I caught a glimpse of movement under the hall cabinet. Mr. Quimby crept low, then dug his claws into the carpet and burst from underneath, careening to Eugenie’s open door.
“Where’s his bell?” I asked.
Eugenie jerked away from Rebecca, her hands flailing the air, then stopping her fall forward as she wrestled to all fours. She tried to speak but instead coughed and sputtered blood that had run from her nose. “Delphine?”
“It’s Lucy.” I s
moothed her hair. “You’ve had a fall.”
“Lucy.”
“Don’t talk.” My fingers stopped on her cheek, thumb touching the tacky blood at the edge of her lip. I settled behind her and tipped her chin to slow the bleeding.
There was a grumble from the stairs. Cook took the banister with one hand and held the medicine bag with the other. Delphine and Jacob followed two paces behind. “What’s the fuss and muss up here?” She blew out a breath as she took in the three of us. “Looks like you fell on your head, Mrs. Burton.” She waved a hand. “Lord, you’re all useless. Jacob, Lucy, take her by the arms and get her to bed.”
Cook daubed the last of a poultice on Eugenie’s nose and wiped her hands on her apron. “You might have a crook to your nose when all is said and done, Mrs. Burton, but I think it will be serviceable for breathing.”
Eugenie pulled in a cracked breath. She patted the pillow next to her. “Where’s Mr. Quimby?”
“You tripped over him.” Rebecca sat at the foot of the bed. “He lost his bell.”
“Did I hurt him?”
“I’ve warned you about that cat.”
I gave Rebecca a sharp glance, then tapped Eugenie’s hand. “He’s hiding. I’ll look for him when you’re resting.”

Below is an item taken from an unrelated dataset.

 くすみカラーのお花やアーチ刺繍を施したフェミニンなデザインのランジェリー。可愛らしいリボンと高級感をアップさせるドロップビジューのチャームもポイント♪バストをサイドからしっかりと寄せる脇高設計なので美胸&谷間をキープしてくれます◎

Cook lifted her psalm book and leaned the pages to the window for light. “I think a small reading . . .”
I glanced at the bedside table and the drawer half ajar. The laudanum bottle was tilted against it, the cork resting on the table by the oil lamp.
I bit the inside of my cheek to quell the wave of anger. If she hadn’t been under its influence, she would have heard the cat, bell or not. I set the bottle upright, corked it, and slid it into my skirt pocket.

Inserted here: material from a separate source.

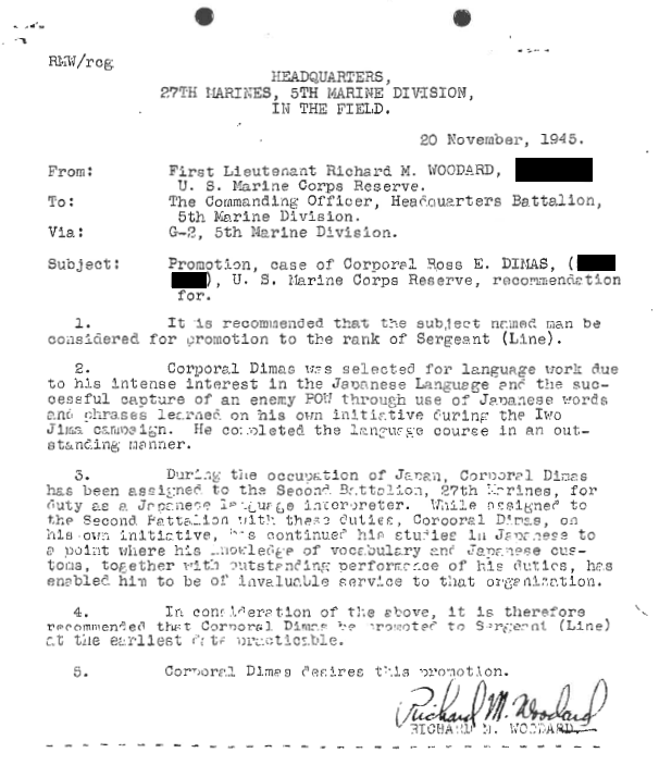 After this training, Dimas traveled aboard the USS Ouster, which left Hawaiʻi at the end of August 1945 and arrived in Sasebo, Kyushu, Japan at the end of September. He then participated in the occupation of the Sasebo area until April 18, 1946, when he was assigned to the 2nd Battalion, 27th Marines, as a Japanese-language interpreter. During his time, Dimas continued to learn the language and customs of the Japanese people on his own, which enabled him to “be of invaluable service to” the U.S. Marine Corps. Because of his work, he was recommended for promotion to sergeant.

Rebecca saw the bottle, too, and her eyes caught mine with a hard glance. “I told you.”
Delphine wasted no time in spreading the word, catching Mr. Burton the minute he set his hat on the rack, jabbering at him half in French while shushing me to be quiet. She relayed a story so exaggerated one would have thought Cook had to sew Eugenie’s head back on and whittle her new legs.
“It’s not at all like that, Mr. Burton.”
He stared down at me. “She is your sole responsibility.”